The fundamental basis of this part of the project is to get familiar with image warping how how it can be used to stitch together a familiar concept: panoramas. In order to do so we will be using homographies to warp our images into the correct perspective and then stich them together.

Shoot the Pictures

Here are the input images used:

Recover Homographies

Similar to face warping we must find a matrix that transforms one set of points to another. This way, we can define correspondence points manually on our photos to stich them together as well as adjust the perspective of the photos to form a "seamless" panorama. This can be solved be setting up a system of linear equations solving for a 3x3 matrix with the right most bottom value set to 1.

Warp the Images

With our homography 3x3 matrix, we can now transform each pixel in the image. In this case, we follow the same method of inverse warping that we used in face warping. This way we can use interp2d to fill in any of the stretched out pixels since the perspective of the image is changing.

Image Rectification

As a first step to show our warping abilities we can rectify images at an angle. In this case we start with an easy example, as chessboard which clearly should be a square. We also just assume a square when setting the points for the image and the user specifies the pixel height of the intended square.

Mosaicing

Using a similar technique as above we can stitch images together by instead of assuming a shape like a square, we actually specify our own correspondence points on a second image. We keep the center image the same and shift the perspective of the other images. And then finally we blend using linear alpha blending to smooth the edges of the images. You can notice at the bottom example, the panorama is quite tricky because of the complex leaves and trees. This is pretty common even in mordern panorama systems so it's expected.

Reflection

This part of the project was definitely incredibly interesting and super relevant to stuff we do on a somewhat daily basis. Although what we did was very basic compared to modern panoramic systems it was still neat to come out with results that didn't look too bad. After the face morphing and this project, I'm really starting to see how powerful transformation matrices can be and the many applications of them. On top, it's great to go back and use the blending techniques from early on in the semester. Here are a couple examples of no blending and then blending. Notice the color changes at the cabinets and cut at the keyboard.
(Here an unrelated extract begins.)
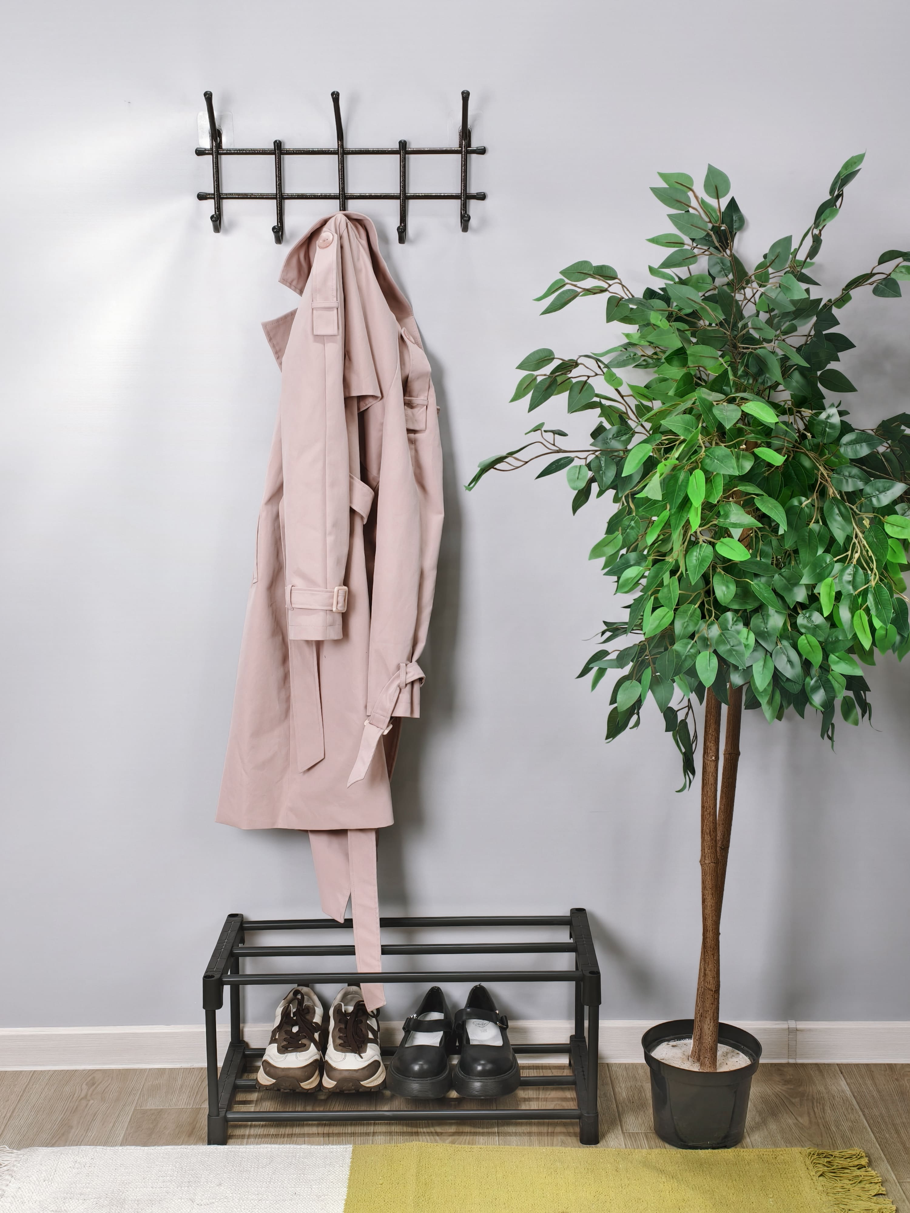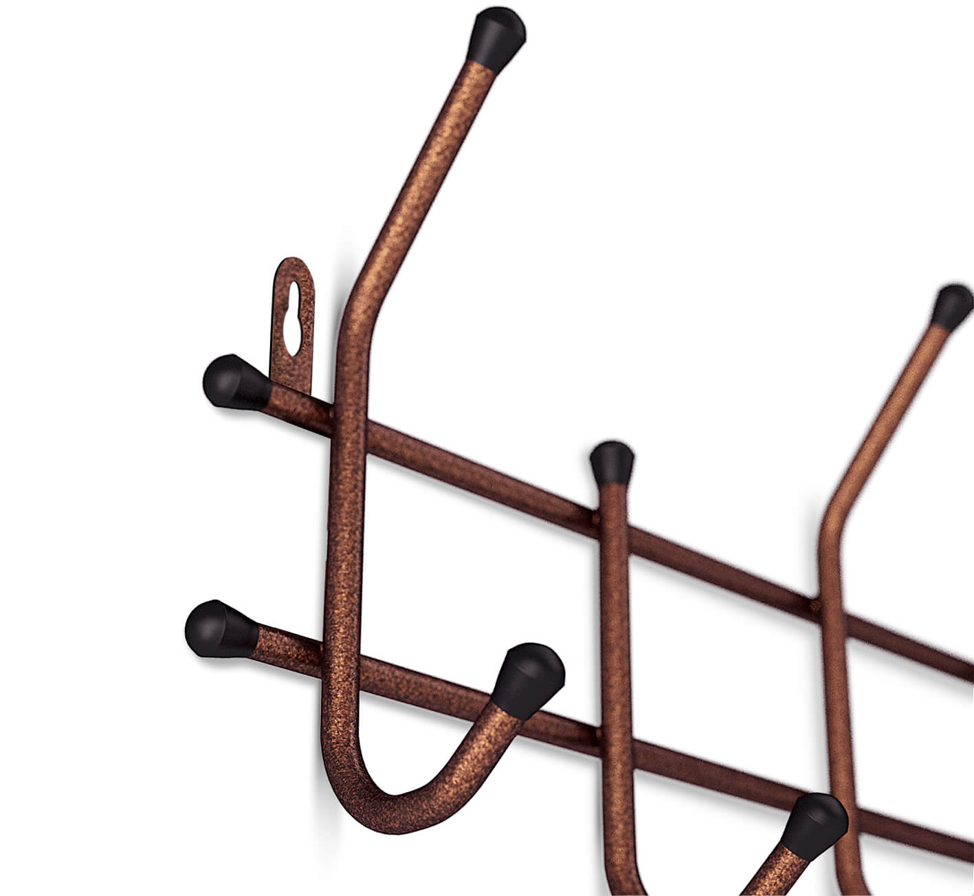 Вешалка выполнена из металлической трубы 10 мм. и пластиковой фурнитуры 12 мм.

Part 2: Automatic Panoramas

The fundamental basis of this part of the project is to use the techniques from part 1 to create automatic panoramas instead of specifying correspondence points. Essentially we start with finding corners with Harris corner detection, limiting those corners to be spread out, and finding matching points by comparing patches at each point. Then out of those matching points, we use RANSAC to choose the best combination of points to find the best homography.
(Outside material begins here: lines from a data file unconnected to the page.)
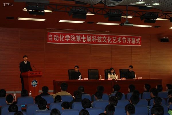 王嘉男开幕词。他强调:“实践与创新”是当代大学生综合素质与学习能力的重要反映,自动化学院一直在为学生营造良好的综合科技文化氛围。王嘉男鼓励大家积极参与此次活动,展现自动化学院学生的风采。自动化学院团委学生会主席李彬向同学们介绍第七届科学文化艺术节的内容,并宣读了倡议书。
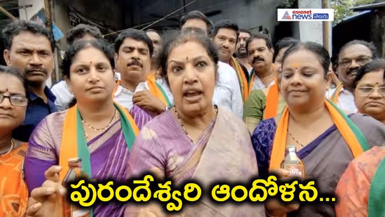 వైన్ షాప్ కు వెళ్లి... క్వాటర్ సీసాలతో రోడ్డుపైకి..: పురందేశ్వరి ఆందోళన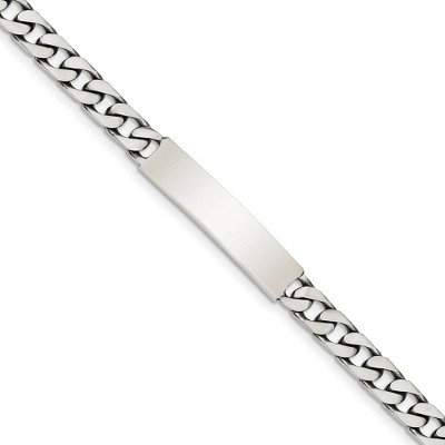 Identify yourself, remember a special person or even display a special message with this polished ID bracelet. It is crafted from solid sterling silver and features a 34mm long x 7mm width ID plate. It is, of course, suitable for engraving. The 7mm width anchor chain secures with a lobster claw clasp. Additional features include: solid sterling silver design; features a 34 x 7mm id plate; suitable for engraving; average weight for the 7-inch length is 12.39 grams.
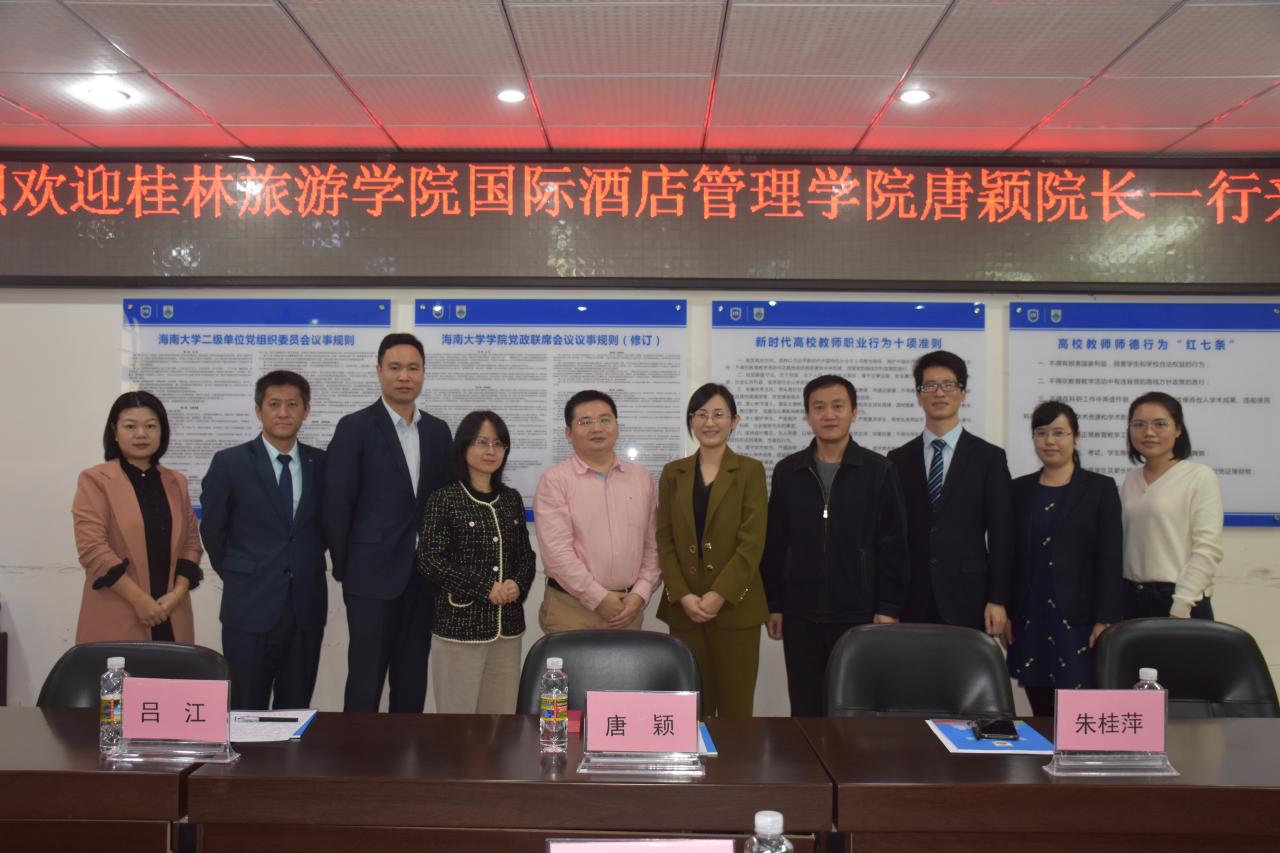 12月3日上午,桂林旅游学院国际酒店管理学院院长唐颖、副院长朱桂萍、相关专业骨干教师吕江、晏小华、全文景、蔡欣言一行到访我院开展相关调研工作。海南大学旅游学院副院长何彪、侯佩旭及教师代表参加了座谈会。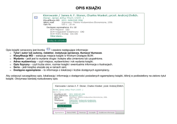 OPIS KSIĄśKI Opis ksiąŜki oznaczony jest ikonką i zawiera następujące informacje: • Tytuł i autor lub autorzy, redaktor, instytucja sprawcza, tłumacz/ tłumacze. • Klasyfikacja WD – wskazuje miejsce ksiąŜki w Wolnym Dostępie BUW. • Wydanie – jeśli jest to wydanie drugie i kolejne albo zmienione lub uzupełnione. • Adres wydawniczy – czyli miejsce, wydawnictwo i rok wydania ksiąŜki. • Opis fizyczny – czyli liczba stron, rozmiar ksiąŜki i ewentualnie informacja o ilustracjach. • Seria – jeśli ksiąŜka ukazała się w ramach serii. • Dostępne egzemplarze – to informacja o lokalizacji i liczbie dostępnych egzemplarzy. Aby zobaczyć szczegółowy opis, lokalizację i informację o dostępności posiadanych egzemplarzy ksiąŜki, kliknij w podświetlony na zielono tytuł ksiąŜki. Otrzymasz bardziej rozbudowany opis. PowyŜszy ekran, oprócz informacji z pierwszej strony, zawiera dodatkowo: • Temat polski – czyli hasła w języku polskim określające tematykę danej ksiąŜki • Temat angielski – czyli hasła w języku angielskim określające tematykę ksiąŜki Pola zawierające nazwę autora, temat polski i temat angielski odsyłają do innych publikacji odpowiednio: tego samego autora lub na ten sam temat. Informacje o lokalizacji i dostępności egzemplarzy ksiąŜki znajdują się w zakładce Egzemplarze. Lokalizacja – określa miejsce ksiąŜki w danej bibliotece. W powyŜszym przykładzie mamy następujące lokalizacje: • BUW Magazyn – jeśli chcesz skorzystać z tej ksiąŜki, zamów ją poprzez opcję Zamów/Rezerwuj; • BUW Księgozbiór Dydaktyczny – poszukaj tej ksiąŜki samodzielnie według sygnatury w obszarze Księgozbioru Dydaktycznego BUW (poziom 2); jeśli jesteś studentem UW, moŜesz ją wypoŜyczyć, weź ją z półki i zarejestruj w WypoŜyczalni Miejscowej (poziom 1); • BUW Wolny Dostęp – poszukaj tej ksiąŜki samodzielnie według Klasyfikacji WD (HD31 .S6963165 1996) w obszarze Wolnego Dostępu BUW. KsiąŜkę ze statusem Dostępny moŜesz wypoŜyczyć do domu, weź ją z półki i zarejestruj w WypoŜyczalni Miejscowej (poziom 1); z ksiąŜki ze statusem Nie wypoŜycza się moŜesz skorzystać tylko na miejscu w BUW; • Oddział Usług Informacyjnych i Szkoleń – złóŜ zamówienie do Czytelni Ogólnej, korzystając z opcji Zamów/Rezerwuj; • Wydział Zarządzania – Czytelnia, Wydział Nauk Ekonom. – z ksiąŜek moŜesz skorzystać odpowiednio: w Bibliotece Wydziału Zarządzania UW (ul. Szturmowa 3) i w Bibliotece Wydziału Nauk Ekonomicznych UW (ul. Długa 44/50). Ponadto w katalogu moŜesz spotkać lokalizacje: • BUW WD [nazwa depozytu lub kolekcji] – szukaj samodzielnie według sygnatury w obrębie odpowiedniej kolekcji w obszarze Wolnego Dostępu BUW; • [nazwa gabinetu zbiorów specjalnych BUW] – zgłoś się do Informatorium, którego pracownicy umoŜliwią Ci kontakt z odpowiednim gabinetem. Sygnatura – określa miejsce ksiąŜki w danej lokalizacji, jest waŜna w przypadku lokalizacji BUW Magazyn (846868) i BUW Księgozbiór Dydaktyczny (W.55570 a). Status – zawiera informację o dostępności danego egzemplarza. W powyŜszym przykładzie mamy następujące statusy: • Dostępny – oznacza, Ŝe osoby uprawnione mogą ksiąŜkę wypoŜyczyć do domu, wszyscy czytelnicy mogą skorzystać z ksiąŜki na miejscu w bibliotece; • Nie wypoŜycza się – oznacza, Ŝe z ksiąŜki moŜna skorzystać tylko na miejscu w BUW; • [zwyczajowa nazwa biblioteki wydziałowej, np. Ekonomia] – brak informacji w katalogu o dostępności ksiąŜki, naleŜy sprawdzić w Bibliotece Wydziału Nauk Ekonomicznych; • Zwrot 2014-09-11 21:00 – oznacza, Ŝe ksiąŜka jest obecnie wypoŜyczona do 11 września 2014 r., moŜna ją zarezerwować. Ponadto w katalogu moŜesz spotkać statusy: • WypoŜyczony, Zamówione – ksiąŜka oczekuje na wypoŜyczenie, obecnie jest niedostępna, moŜna ją zarezerwować; • W oprawie, w opracowaniu – ksiąŜka obecnie niedostępna. Na adres [email protected] moŜna przesłać prośbę o przyśpieszenie oprawy i/lub opracowania. • Długie przetrzymanie – egzemplarz nie został zwrócony przez okres dłuŜszy niŜ 4 miesiące od wyznaczonej daty zwrotu. Klasyfikacja WD/Uwagi – określa miejsce ksiąŜki w Wolnym Dostępie BUW. W powyŜszym przykładzie klasyfikacja HD31. S6963165 1996 oznacza, Ŝe ksiąŜka znajduje się w dziedzinie H GN1-673 GR-GV – Nauki społeczne. Antropologia na poziomie 2. W zakładce Szczegóły znajdziesz dodatkowe informacje o ksiąŜce, m.in. tytuł ujednolicony, hasło dodatkowe, uwagi. W zakładce Rekord MARC znajdziesz wszystkie informacje o ksiąŜce zapisane w bibliotecznym formacie MARC.

Harris Interest Point Detector

Using given starter code, we find Harris interest points by finding their corner response. We exclude points near the border since we eventually want to use 40x40 patches. Here's an example of Harris corners for our images. We also limit harris points since the next step is incredibly computationally expensive.

Adaptive Non-Maximal Suppression

There are a lot of harris points. In order to fix this, we want to spread the points out as well as retaining incredibly strong harris corners. In order to do so, we try to find the minimum supression radius ri for all Harris points xi using the following formula.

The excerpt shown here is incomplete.